Welcome to Tencent Cloud + community, get more Tencent mass technology practice dry goods oh ~
This post was posted by Mariolu in cloud + Community
Preface:
The author will load the server logs online and replay them to measure some machine performance indicators. The simulated machine resources are relatively small, and the online machine logs to be simulated are relatively large. Assuming that the QPS of an online single machine is 1W, then the cluster composed of 5 machines will have 5W QPS. Analog machine pressure clients need to be faster than 5W QPS to be meaningful.

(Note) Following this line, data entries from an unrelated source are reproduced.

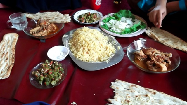 今日のメニューはとっても豪華!ドデ(パンのこと)、米、オクラ、チキン、きゅうりとレタス。デザートには甘酸っぱいメロン。今のアフガニスタンはフルーツがとてもおいしい時期のようで、どれも日本のものより甘い気がします。
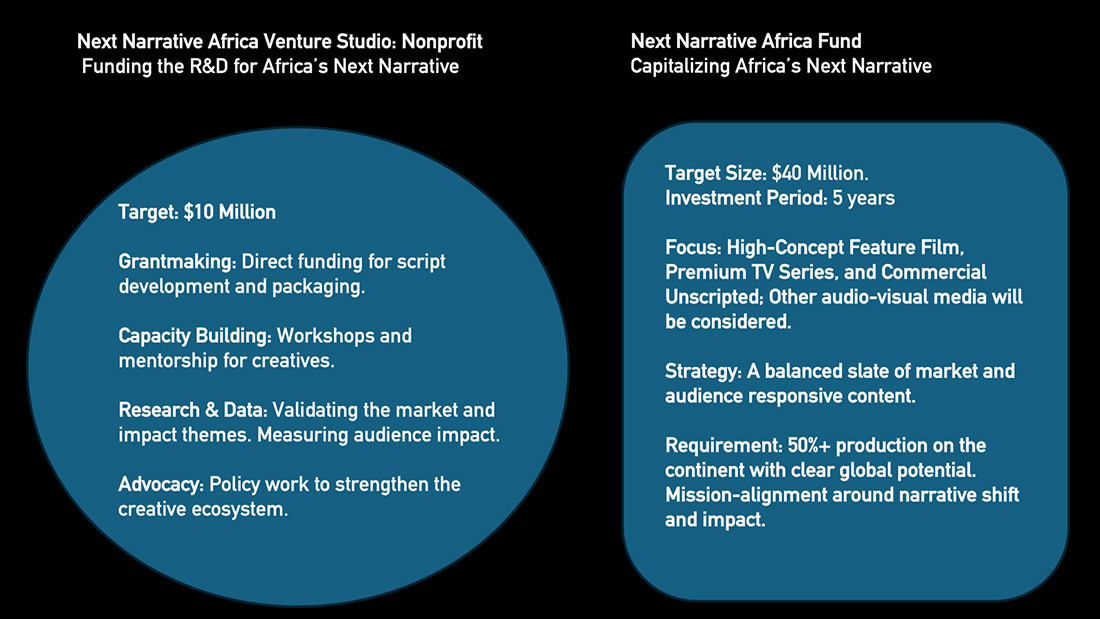 The Next Narrative Africa Fund is a mission-driven content and media investment vehicle targeting $50 million in total capitalization to support commercially viable audio-visual content made on the Continent by African and African-diaspora storytellers. With initial seed backing secured, NNAF is executing a hybrid strategy to deploy $40 million in commercial equity financing alongside a $10 million grant-making venture studio.
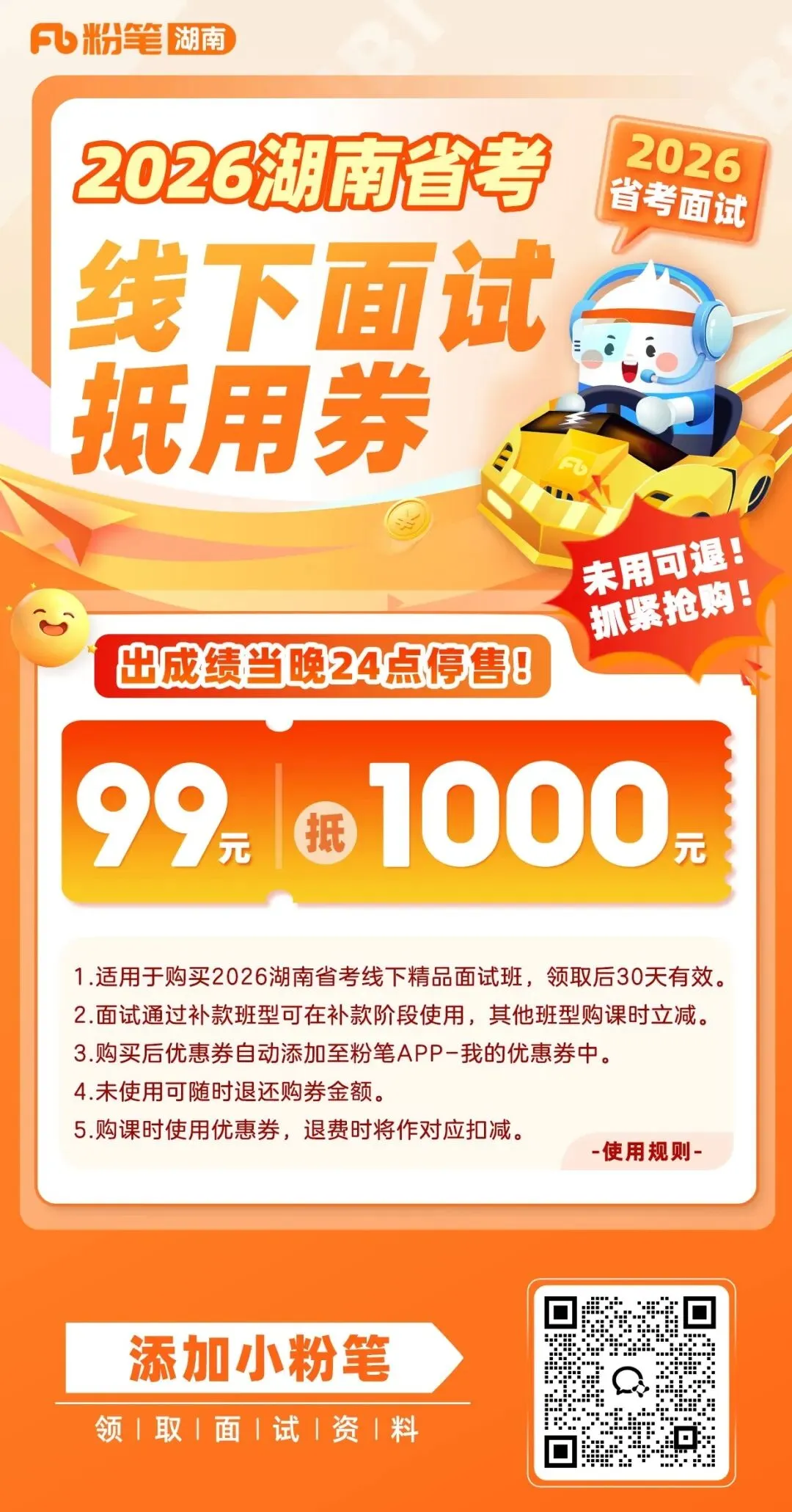 等待的同时,不妨囤囤粉笔【26湖南省考线下面试小班】大额优惠券,未用随时可退~💸
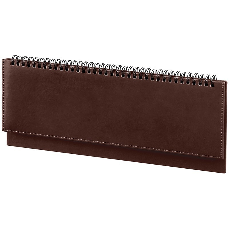 Цвет обложки коричневый, 64 листа. Обложка изготовлена из высококачественного импортного кожзаменителя с поролоновой прослойкой. Планинг на спирали. Подходит для всех видов полиграфического тиснения. Внутренний блок состоит из офсетной бумаги плотностью 70 г/м2, печать блока в 2 краски, календарь на 4 года, телефонная книжка.
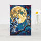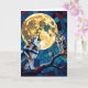 Geburtstagskarte kann man personalisieren. Eine lebendige bunt-ai-Illustration eines mosaikartigen Wolfs, einer Eule und eines Vollmonds in einem farbigen Glasflair. Eine wunderschöne Geburtstagskarte für diejenigen, die Liebe von Wildtieren.
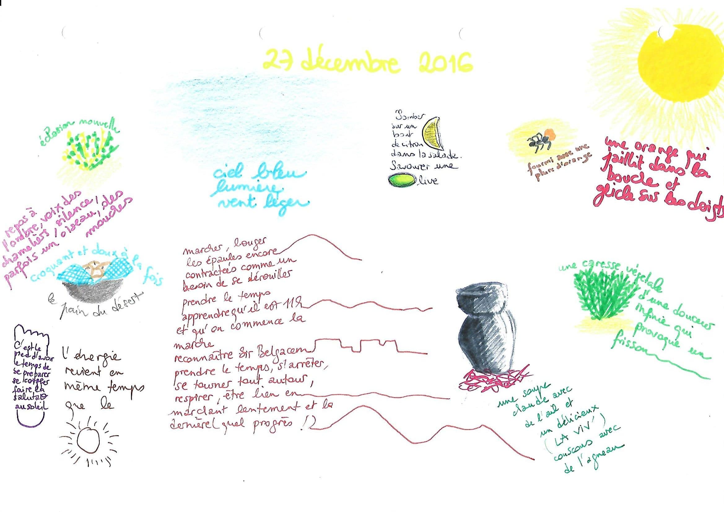 Après une journée de silence, j’ai consigné à la Prévert les sensations et les ressentis de la journée.

Chapter 1: The first HTTP experience
“Life is short, I use Python.” Python comes with urllib2, urllib3 and third-party request. The supported proxy access and adding request headers basically meet the functional requirements. The author used the urllib2+multiprocessing library to successfully complete the code to run the code, check the QPS is only more than 2k, which is obviously far below the requirements. Scaling up the number of processes to several times the number of CPU cores also found that Python only reached 3k +. Things happen for a reason, so I will monitor the interface and shell widgets to find a variety of problems with the machine.
Chapter 2: “The Dark Ages”
The Middle Ages were a dark, long time, when you did a lot of things and you gave very little away. What remained was the experience of trying. From the CPU, memory, hard disk, network data. The CPU usage is more than 90%, the memory is full, the hard disk WA is low, and the network GIGABit network adapter is full. The first is to replace gigabit machines with gigabit machines. View the number of timewait connections up to 1w3. Let’s start by optimizing what looks like a bottleneck. Configure tcp_timestamps=1, tcp_TW_reuse =1, and Tpc_TW_recycle =1. When sysctl -p is in effect, the number of timewait connections does not go down and the number of concurrent connections does not go up. If the hardware is all set up, then why is other people’s Luna showy, mine is a piece of shit.
Back to the program architecture issue. Firstly, urllib2 and request library are blocked by network IO. Secondly, the network is short connected. Moreover, so many process switching costs are also very high. Having swum through the vast ocean of the Internet, the Grequest library may be the solution. Gevent is a individual coroutine library that uses a high-performance asynchronous networking framework based on libeV implementation provided by the Greenlet library. Perfect! It looks so perfect. So I tried to rewrite the program. But the performance didn’t go up. Is it the python language’s own limitations that keep the CPU high and concurrency low? Leave a question here and answer it at the end of the article.
Chapter three: Be Open-minded
Not content with and no longer obsessed with Python, rewrite it with golang. Golang’s coroutine library is touted as a high-performance, language-level parallelism, easy-to-write tool. Write finish run a run, concurrent quantity or on. Keeping the spirit of never giving up, the author used golang Pprof of go to analyze the bottleneck of the code again. The reports generated by Pprof can also be used to generate a more intuitive fire map using Uber’s third-party component, Go-Torch. See Figure 1. GcBgMarkWorker (GC: garbage collector), and runtime.mallocgc also takes a lot of CPU time. Then, run the go tool pprof -alloc_space replay1 / TMP /mem.prof to check as shown in Figure 2, and enter the top10 command. It is found that the pull_worker accumulatively allocates more than 600 G of memory, accounting for 93%. The list pull_worker command finds the bottleneck of the function. The initialization of the R4 variable is placed inside a for loop. R4 is used to temporarily read the response body. R4 is allocated repeatedly on every request, causing high memory.
Final chapter: summary
Ok, so far, the maximum concurrency of a single machine can reach 3W, and almost reach the target of the plan. A chicken with two of these machines can satisfy a 5W QPS request. To answer the question left above, the python language is not doing well simply because the library does not support reading the response body from the outside buffer, resulting in a memory explosion. This is not a problem with the language itself. Believe python is not that bad. At the same time, I became familiar with a new tool, go. Go native coroutine support and performance analysis tool or very intuitive very easy to use, recommend!!
Question and answer
How does Angular2 handle HTTP responses?
reading
Server Push best practices for HTTP/2
How to back up your MySQL database
This section describes the changes in MySQL 8.0
Has been authorized by the author tencent cloud + community release, the original link: https://cloud.tencent.com/developer/article/1160803?fromSource=waitui
Welcome to Tencent Cloud + community or follow the wechat public account (QcloudCommunity), the first time to get more mass technology practice dry goods oh ~
Massive technical practice experience, all in the cloud plus community!